Without the pictures, repeat all of the data exactly as it appears below.

*** Opening STUDY MATERIAL ***

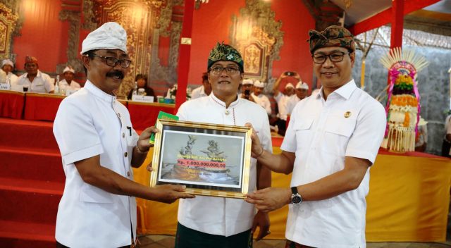 Dalam kesempatan ini Bupati Giri Prasta bersama Wabup. Suiasa menyerahkan secara simbolis Bantuan Pemerintah Kabupaten Badung untuk karya Pitra Yadnya dan Manusa Yadnya Desa Adat Kwanji Rp. 1 Miliar.
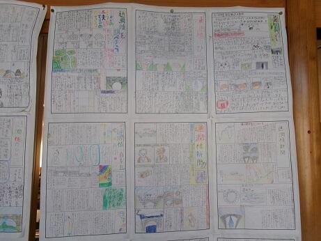 【4年生教室前には「通潤橋新聞」が掲示してありました。とても詳しく書いてありました。】
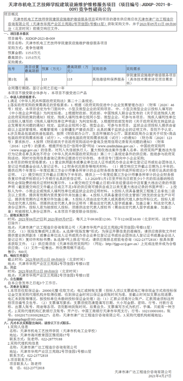 天津市機(jī)電工藝技師學(xué)院建筑設(shè)施維護(hù)維修服務(wù)項(xiàng)目
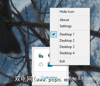 切换桌面是通过键盘快捷键完成的。还可以从系统托盘中快速预览所有打开的桌面:
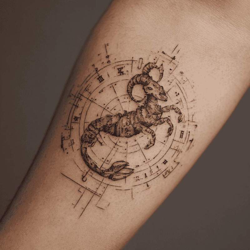 Astrologische Identität definiert sich in Sternzeichen-Tätowierungen durch die zwölf Tierkreiszeichen. Himmlische Einflüsse und Persönlichkeits-Merkmale werden durch diese kosmischen Designs dargestellt. Verschiedene Sternzeichen-Darstellungen und Kombinationen bieten individuelle Interpretationen.
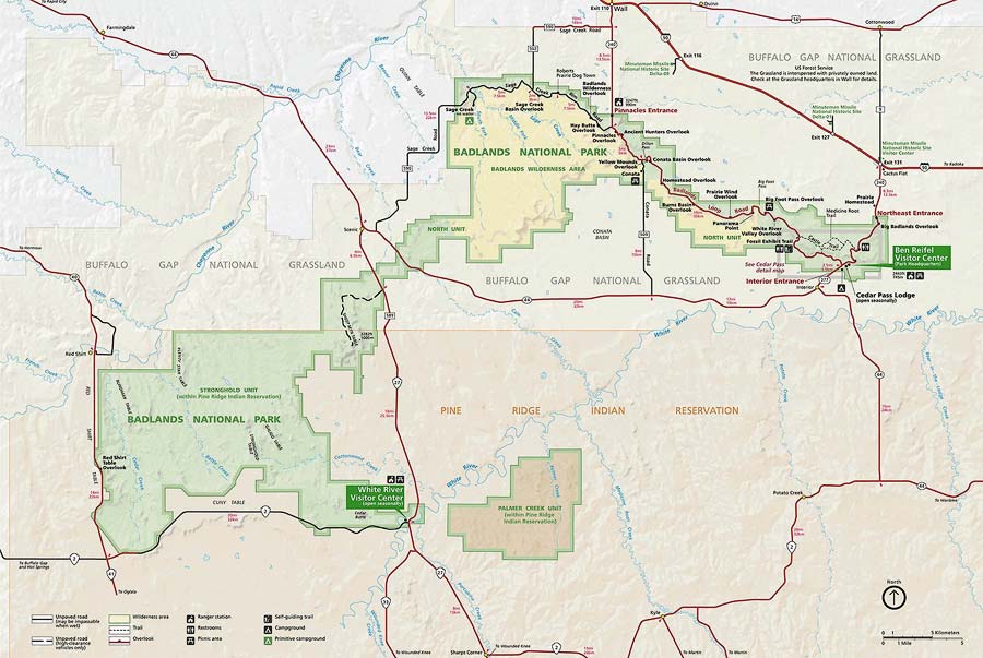 Below is the official Badlands National Park map as a jpeg and in three geocoded formats, as a GeoTIFF, as a KMZ file, and in Oruxmaps format. The official park map as a PDF can be found here.
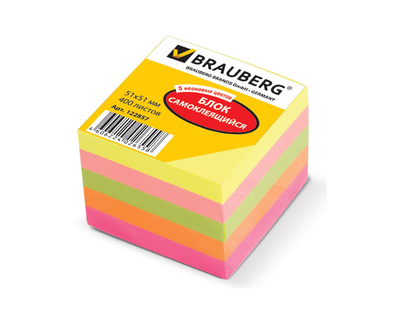 Код товара: 00-00068173Блок самоклеящийся (стикер) 51*51мм 250л Lamark SN0500, 5цветов, неон

*** Closing STUDY MATERIAL ***

■ SOLVED EXERCISE ■
 Dalam kesempatan ini Bupati Giri Prasta bersama Wabup. Suiasa menyerahkan secara simbolis Bantuan Pemerintah Kabupaten Badung untuk karya Pitra Yadnya dan Manusa Yadnya Desa Adat Kwanji Rp. 1 Miliar.
 【4年生教室前には「通潤橋新聞」が掲示してありました。とても詳しく書いてありました。】
 天津市機(jī)電工藝技師學(xué)院建筑設(shè)施維護(hù)維修服務(wù)項(xiàng)目
 切换桌面是通过键盘快捷键完成的。还可以从系统托盘中快速预览所有打开的桌面:
 Astrologische Identität definiert sich in Sternzeichen-Tätowierungen durch die zwölf Tierkreiszeichen. Himmlische Einflüsse und Persönlichkeits-Merkmale werden durch diese kosmischen Designs dargestellt. Verschiedene Sternzeichen-Darstellungen und Kombinationen bieten individuelle Interpretationen.
 Below is the official Badlands National Park map as a jpeg and in three geocoded formats, as a GeoTIFF, as a KMZ file, and in Oruxmaps format. The official park map as a PDF can be found here.
 Код товара: 00-00068173Блок самоклеящийся (стикер) 51*51мм 250л Lamark SN0500, 5цветов, неон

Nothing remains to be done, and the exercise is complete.